**EXERCISE DESCRIPTION**
The whole listing that follows is to be restated word for word, images excluded.

**DATA EXTRACT**

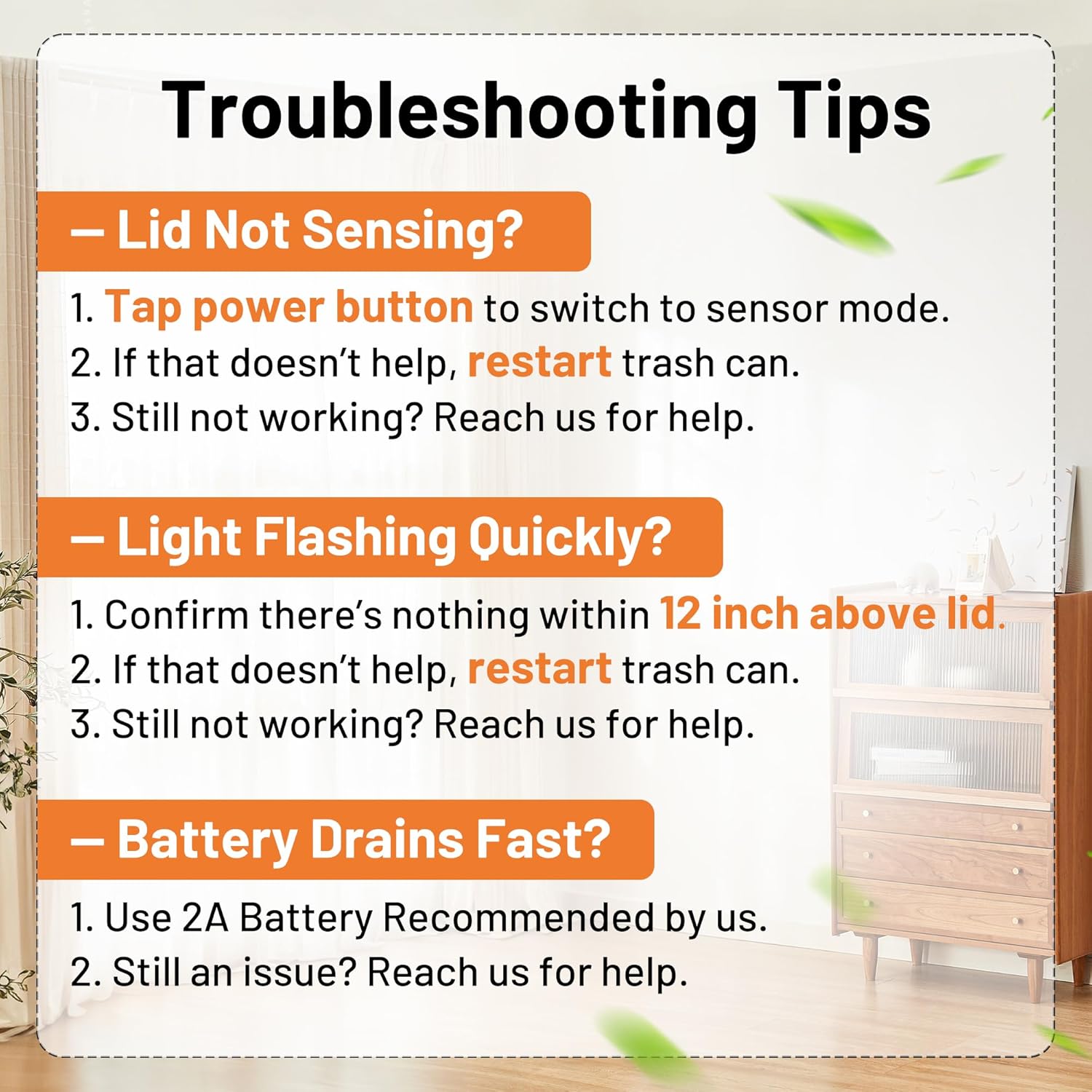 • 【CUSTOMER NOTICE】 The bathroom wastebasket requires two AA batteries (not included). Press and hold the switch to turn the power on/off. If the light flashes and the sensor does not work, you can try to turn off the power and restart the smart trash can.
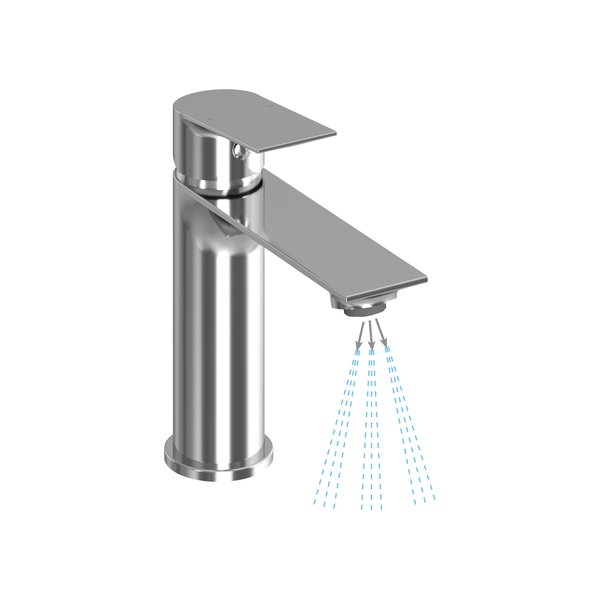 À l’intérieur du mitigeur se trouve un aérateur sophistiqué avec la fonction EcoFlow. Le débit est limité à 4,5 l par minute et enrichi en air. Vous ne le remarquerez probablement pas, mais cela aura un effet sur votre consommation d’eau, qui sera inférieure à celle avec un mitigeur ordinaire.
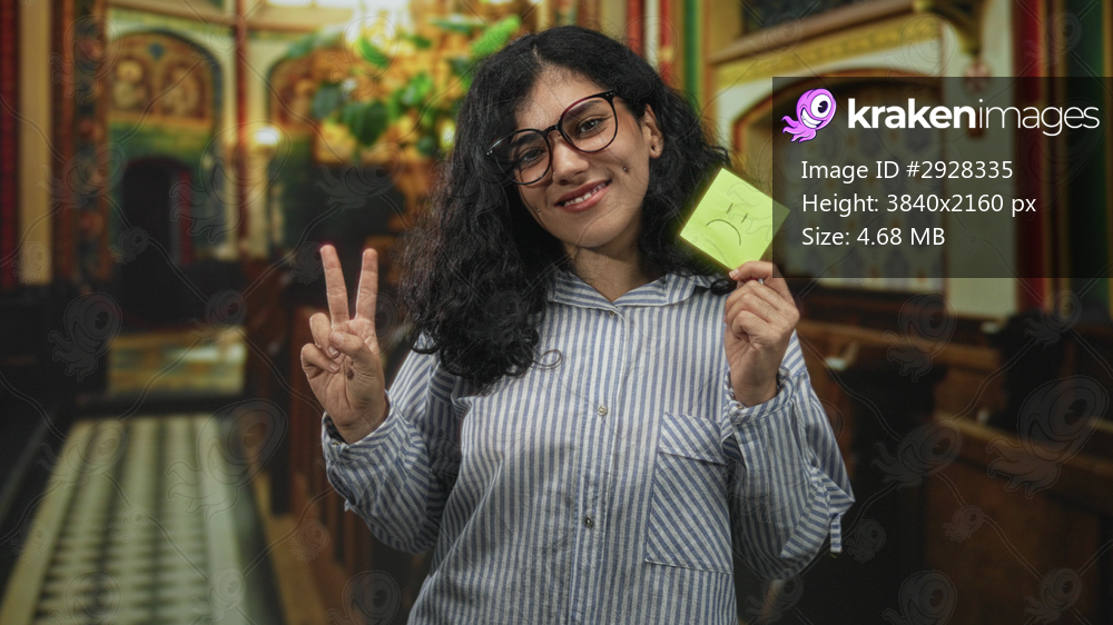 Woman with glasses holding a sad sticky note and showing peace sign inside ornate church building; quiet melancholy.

**RESPONSE TO THIS EXERCISE**
 • 【CUSTOMER NOTICE】 The bathroom wastebasket requires two AA batteries (not included). Press and hold the switch to turn the power on/off. If the light flashes and the sensor does not work, you can try to turn off the power and restart the smart trash can.
 À l’intérieur du mitigeur se trouve un aérateur sophistiqué avec la fonction EcoFlow. Le débit est limité à 4,5 l par minute et enrichi en air. Vous ne le remarquerez probablement pas, mais cela aura un effet sur votre consommation d’eau, qui sera inférieure à celle avec un mitigeur ordinaire.
 Woman with glasses holding a sad sticky note and showing peace sign inside ornate church building; quiet melancholy.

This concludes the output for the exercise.